(TASK) The entries must be repeated verbatim, and their images left out.

(Entries taken from a collection)
══════

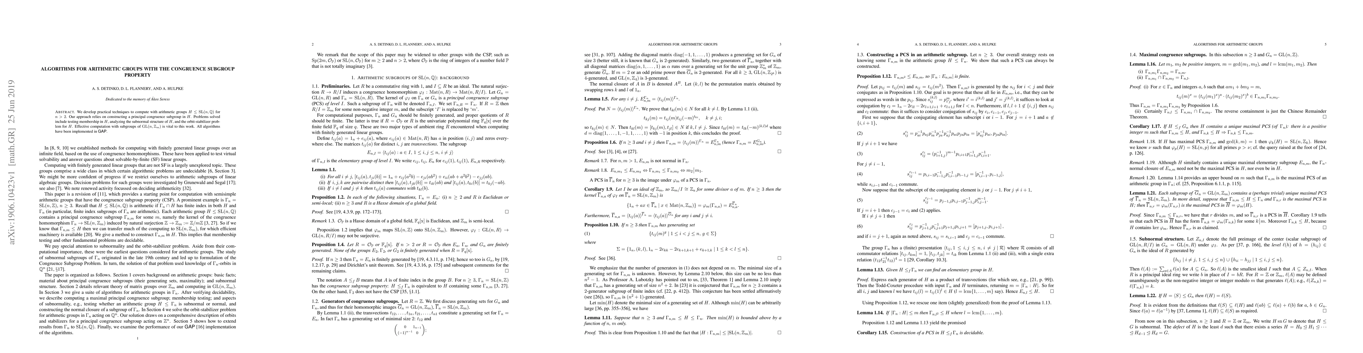 We develop practical techniques to compute with arithmetic groups $H\leq \mathrm{SL}(n,\mathbb{Q})$ for $n>2$. Our approach relies on constructing a principal congruence subgroup in $H$. Problems solved include testing membership in $H$, analyzing the subnormal structure of $H$, and the orbit-stabilizer problem for $H$. Effective computation with subgroups of $\mathrm{GL}(n,\mathbb{Z}_m)$ is vital to this work. All algorithms have been implemented in GAP.
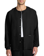 This unisex snap-front scrub jacket offers a comfortable fit with matching-color snaps and elastic cuffs. It includes two spacious patch pockets trimmed with reverse hems and a pen/instrument slot on the right pocket. Subtle tonal topstitching adds style, and the center back measures 28.5 inches for a polished, professional look.
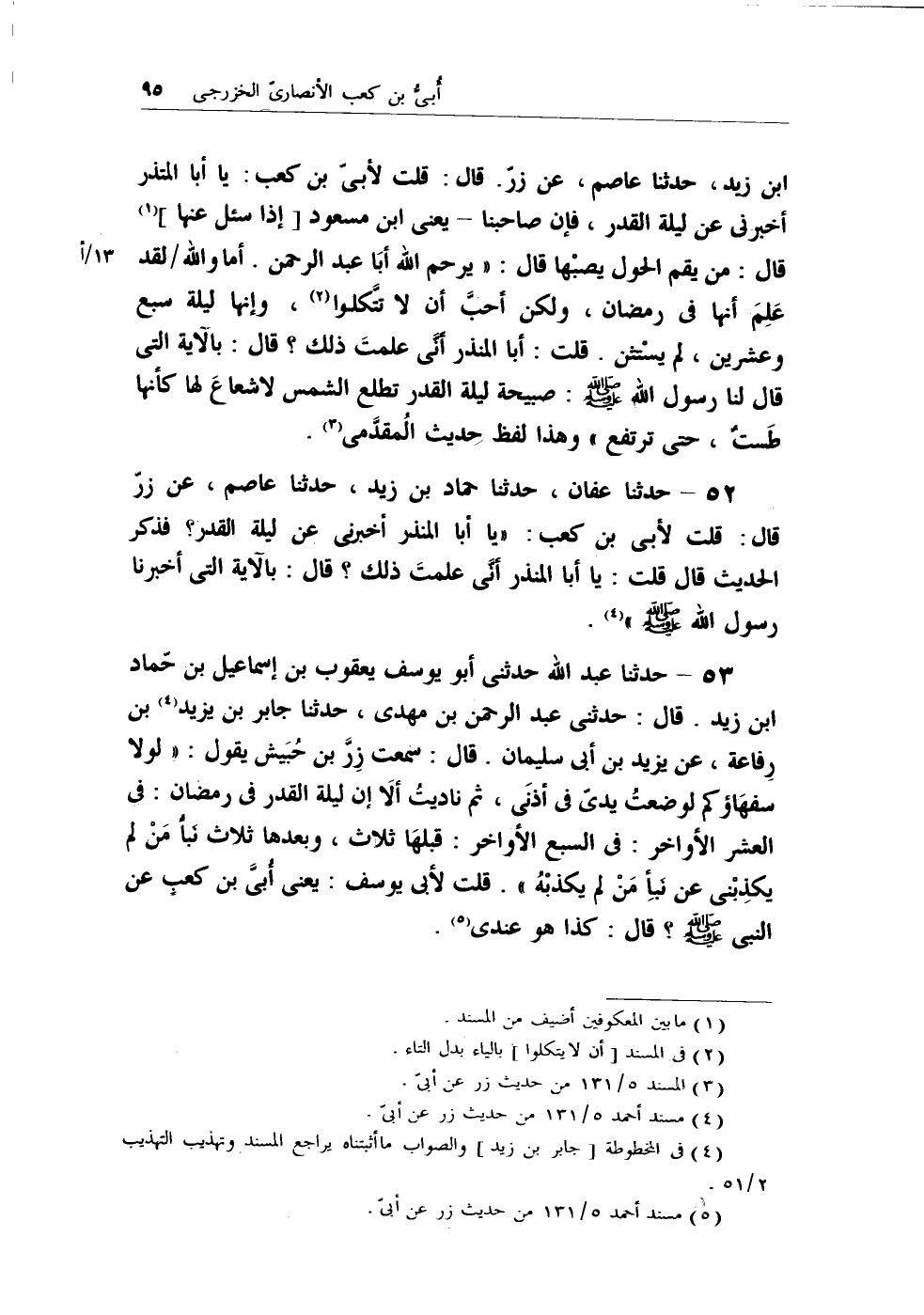 52 - حدثنا عفان، حدثنا حماد بن زيد، حدثنا عاصم، عن زر قال: قلت لأبي بن كعب: (يا أبا المنذر أخبرني عن ليلة القدر؟ فذكر الحديث قال قلت: يا أبا المنذر أني علمت ذلك؟ قال: بالآية التي أخبرنا رسول الله - صلى الله عليه وسلم -) (¬1) .
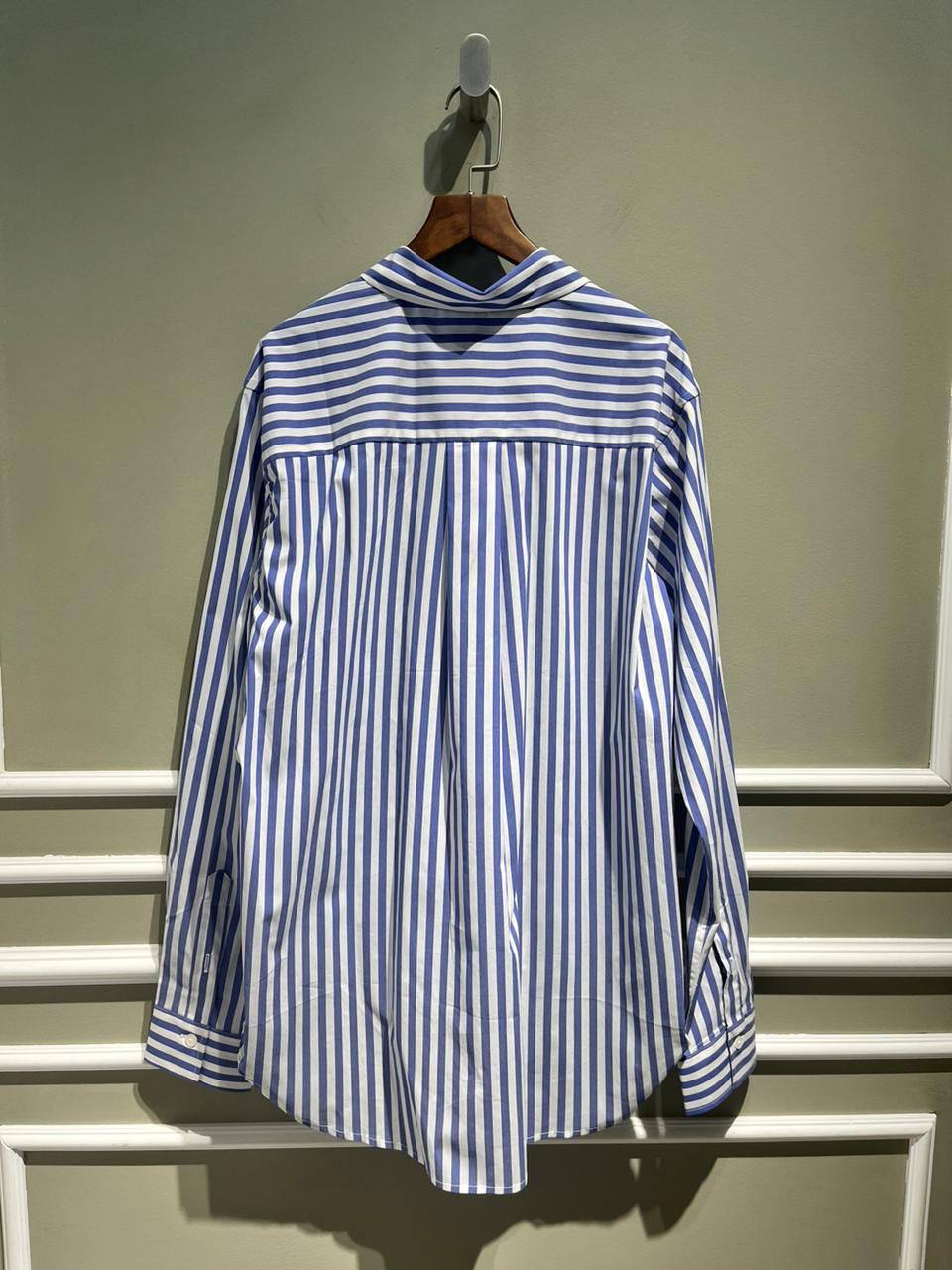 Рубашка Toteme LUX-88394 — это стильная полосатая рубашка, выполненная в классическом стиле. Она имеет прямой крой, длинные рукава и заостренный воротник. Полосы синего и белого цвета создают визуальный интерес и легко сочетаются с различными элементами гардероба.
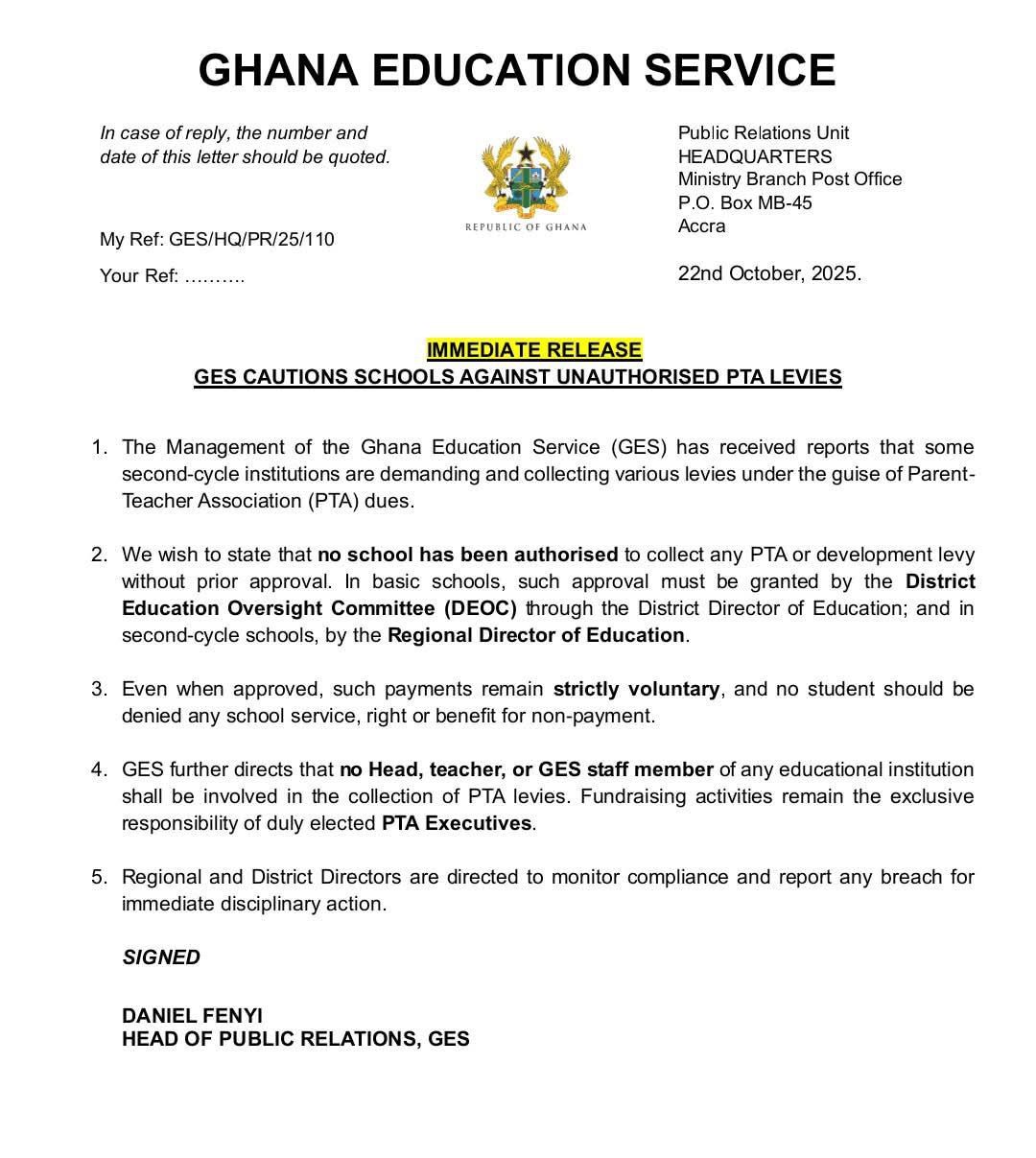 We wish to state that no school has been authorized to collect any PTA or development levy without prior approval. In basic schools, such approval must be granted by the District Education Oversight Committee (DEOC) through the District Director of Education; and in second-cycle schools, by the Regional Director of Education.
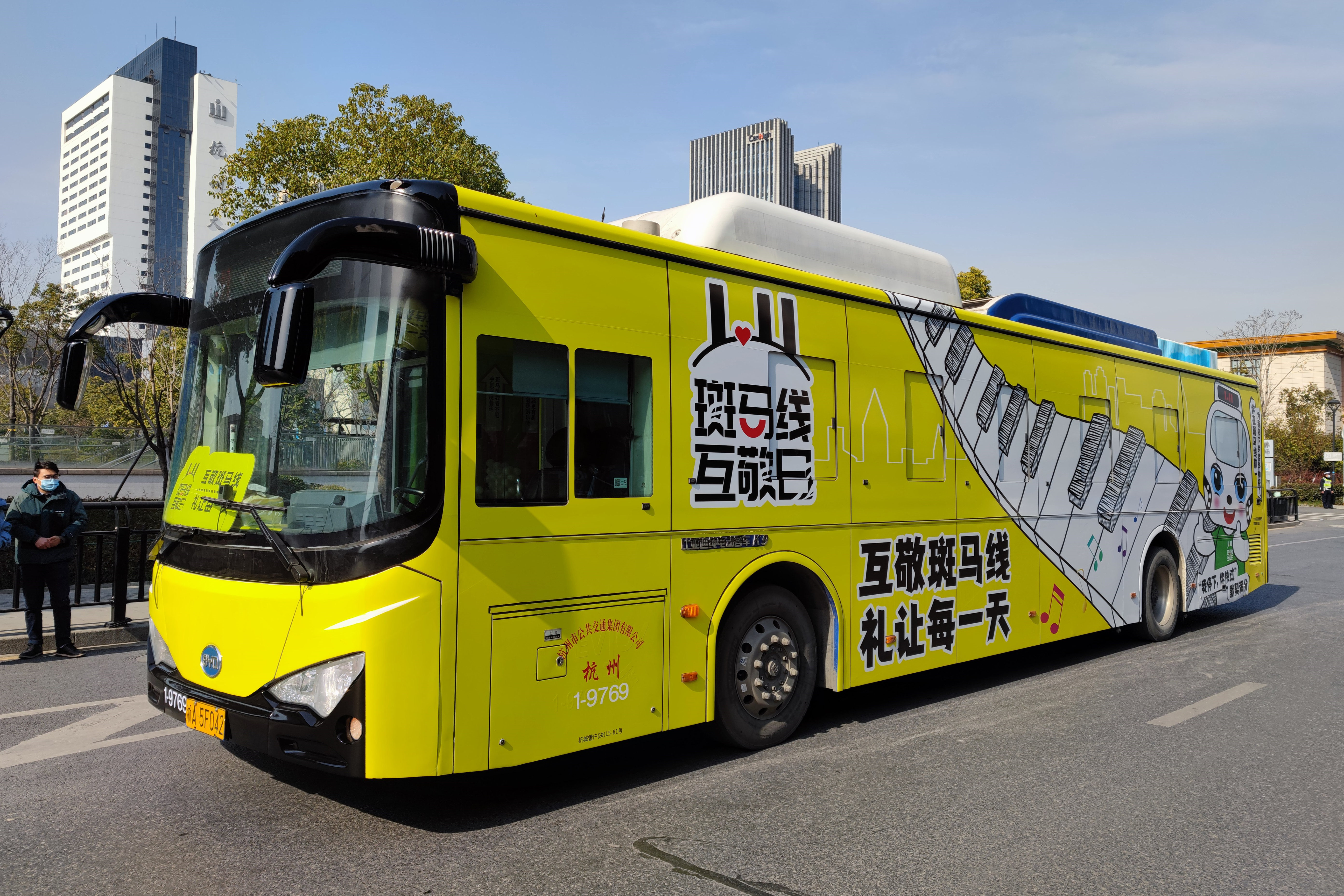 2020年1月11日,“1.11斑马线互敬日”主题公益活动在杭州举办,作为活动主要载体之一的主题改装公交车正式亮相。新华社记者林光耀 摄

══════

(ANSWER SPACE)
 We develop practical techniques to compute with arithmetic groups $H\leq \mathrm{SL}(n,\mathbb{Q})$ for $n>2$. Our approach relies on constructing a principal congruence subgroup in $H$. Problems solved include testing membership in $H$, analyzing the subnormal structure of $H$, and the orbit-stabilizer problem for $H$. Effective computation with subgroups of $\mathrm{GL}(n,\mathbb{Z}_m)$ is vital to this work. All algorithms have been implemented in GAP.
 This unisex snap-front scrub jacket offers a comfortable fit with matching-color snaps and elastic cuffs. It includes two spacious patch pockets trimmed with reverse hems and a pen/instrument slot on the right pocket. Subtle tonal topstitching adds style, and the center back measures 28.5 inches for a polished, professional look.
 52 - حدثنا عفان، حدثنا حماد بن زيد، حدثنا عاصم، عن زر قال: قلت لأبي بن كعب: (يا أبا المنذر أخبرني عن ليلة القدر؟ فذكر الحديث قال قلت: يا أبا المنذر أني علمت ذلك؟ قال: بالآية التي أخبرنا رسول الله - صلى الله عليه وسلم -) (¬1) .
 Рубашка Toteme LUX-88394 — это стильная полосатая рубашка, выполненная в классическом стиле. Она имеет прямой крой, длинные рукава и заостренный воротник. Полосы синего и белого цвета создают визуальный интерес и легко сочетаются с различными элементами гардероба.
 We wish to state that no school has been authorized to collect any PTA or development levy without prior approval. In basic schools, such approval must be granted by the District Education Oversight Committee (DEOC) through the District Director of Education; and in second-cycle schools, by the Regional Director of Education.
 2020年1月11日,“1.11斑马线互敬日”主题公益活动在杭州举办,作为活动主要载体之一的主题改装公交车正式亮相。新华社记者林光耀 摄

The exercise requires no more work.